What is friction really? Is it just an accidental effect from the surfaces rubbing(?)? Does it occur when there’s movement only? How does the experiment bottle with rice helps us understand this?

686 views

Heck I’m confused right now. We do learn that friction is some sort of force that happens when surfaces sliding each other but doesn’t it sound like it’s just an effect? And is friction all bad? And need to be gone?

And the experiment we have to learn more doesn’t help much. I just understand that there’s less friction between the surfaces of rice but idk how it makes the pencil able to lift the bottle? Please help and thank you.

In: Physics

2 Answers

Anonymous 0 Comments

I’m not familiar with the rice bottle, but I’ll give it a try explaining, keeping it at least ELI10.

Imagine pushing a heavy box across a wooden floor. Both the box and the floor may look perfectly smooth to your eye.
It may **look** like this _______________________

But if you look really closely (down to microscopic levels) there will always be tiny little ridges/bumps in the material. So if you zoom in far enough,
Both the box and the floor will look more like this: ___/__/_/_____/___

These little bumps will “hook” into eachother as you push the box. That’s friction. Depending on the materials involved it may be very high (ex. a car tire on dry asphalt), or very low (f.ex. polished steel on glass)

Whether friction is good or bad depends on the situation.

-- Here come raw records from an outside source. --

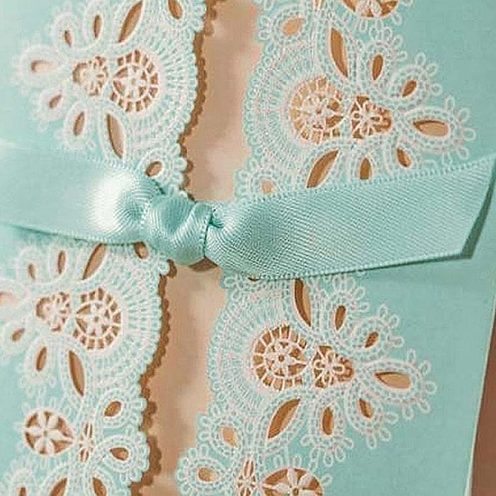 Okładka wykonana z wysokiej jakości, sztywnego papieru barwionego w masie, w odcieniu eleganckiego turkusu. Efektowne ażurowe wycięcia tworzą misterny, koronkowy wzór, przez który prześwituje wkładka. Całość wieńczy ręcznie wiązana, pastelowa kokarda z błękitnej satynowej wstążki - subtelny akcent, który dodaje lekkości i klasy.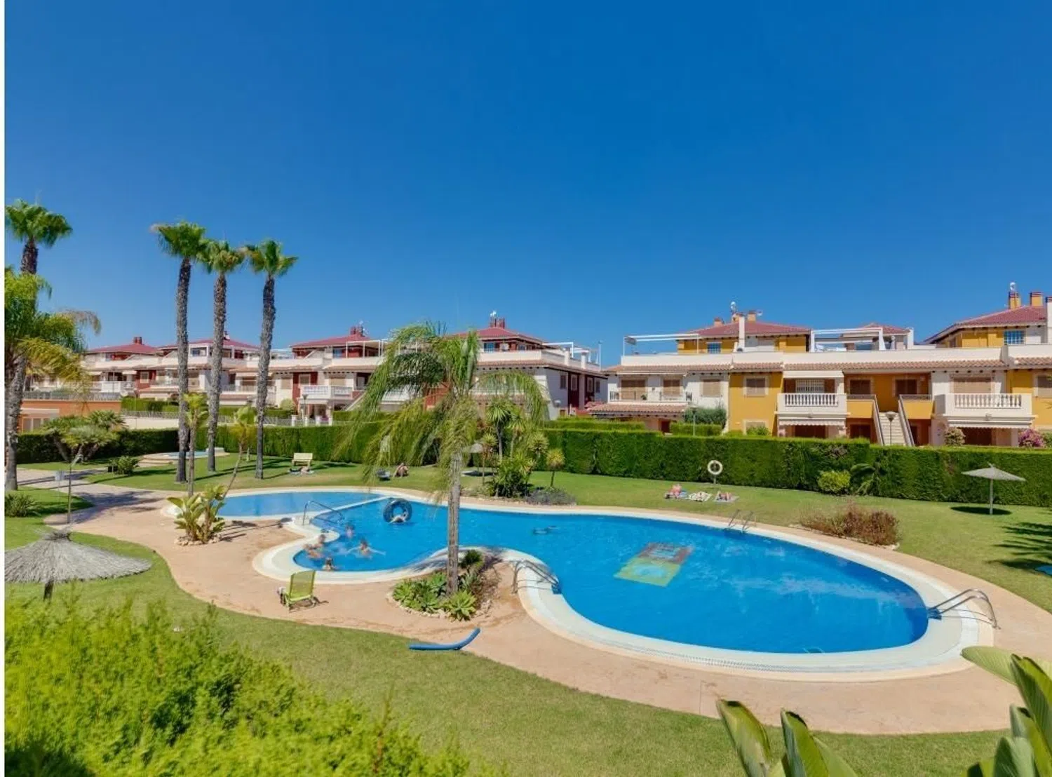 Adosado de 3 dormitorios 3 baños, piscina comunitaria en Orihuela costa urbanizacion Zenia Mar, Espectacular Adosado de 212 m² que cuenta con un elegante salón-comedor, una moderna cocina, tres amplias habitaciones, tres baños completos, un práctico trastero y una galería. La casa tiene acceso privado al garaje subterráneo. Además, cuenta con un solárium de 35 m², una zona ajardinada de 92 m² con zona de barbacoa y una orientación suroeste que permite disfrutar del sol todo el año. Auropuerto de Alicante esta a 45 minutos en el coche. Mejores playas de Orihuela costa estan a 10 minutos en el cohe. La propiedad fue construida en 2007 pero apenas ha sido utilizada, tan solo un par de semanas al año. Todo está en perfecto estado, con aire acondicionado y sistema de calefacción central. La zona común incluye una piscina tipo resort, un gimnasio y una sauna.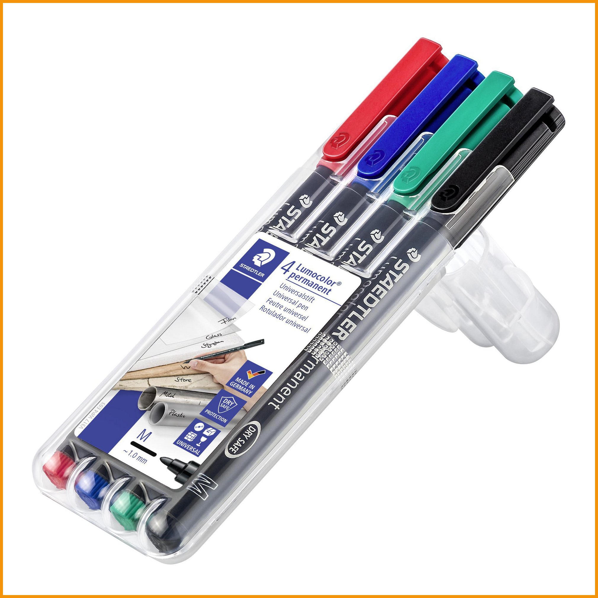 Hinta 7,66€ / 4 kplStaedtler lumocolor 318 -huopakynä tarttuu lähes kaikille pinnoille, kuten paperi, kartonki, muovikalvo, lasi, muovi, metalli, nahka, kivi, posliini ja puu. spriiliukoinen pysyvä muste kuivuu erittäin nopeasti, joten kynä soveltuu hyvin vasenkätisille. kynän mustesäiliö kestää lentokoneen ...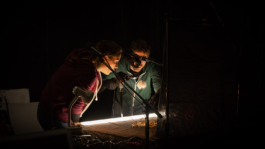 Pénombre documente indirectement l’état d’une personne bipolaire dans la mise en scène d’une présence qui cherche à sortir de soi pour exister. Un effort quotidien et nécessaire, face à une identité constamment interrogée et une présence au monde régulièrement menacée. Entre moments d’euphorie et dépressions inévitables, la bipolarité impose une displine créative propre à retrouver des raisons d’aller vers, d’aller avec. Rien ne va de soi. Aussi évolue-t-on dans un espace de transition, dans la pénombre, à l’orée du monde. Dans la peur et l’appréhension du ciel. Le confort des souterrains. A la limite du jour et de la nuit. Dans la nécessité de se projeter, d’être en mouvement. De croire malgré.

* Sometimes high friction is good. F.ex. between your car’s tires and the road.
* Somedimes high friction is bad. If you run your car’s engine without oil friction will be high, causing it to wear out quicker.
* Sometimes low friction is good. Like between your ice skates and the ice.
* Sometimes low friction is bad, like if you walk across ice and you boots slip, causing you to fall.

Anonymous 0 Comments

on a microscopic level, surfaces aren’t really smooth, there’s a bunch of little defects like ridges, bumps, depressions and so on. When two objects are touching and you try to move one, the little defects get caught on each other and try to stop the object from moving. This is friction. It’s not always bad though. Tires and brakes use friction to work and are designed to have increased friction. Friction keeps the tires stuck to the road and allows vehicles to move and turn. Similarly brakes use friction to slow down wheels, and therefore the vehicle (note that this requries tire friction as well).

I’m not super familiar with the bottle experiment and i’m going off a quick google so I might not have it quite right. Essentially what’s happening is the friction between the rice, pencil and bottle prevent any of them from slipping, allowing you to pick up the bottle with the pencil.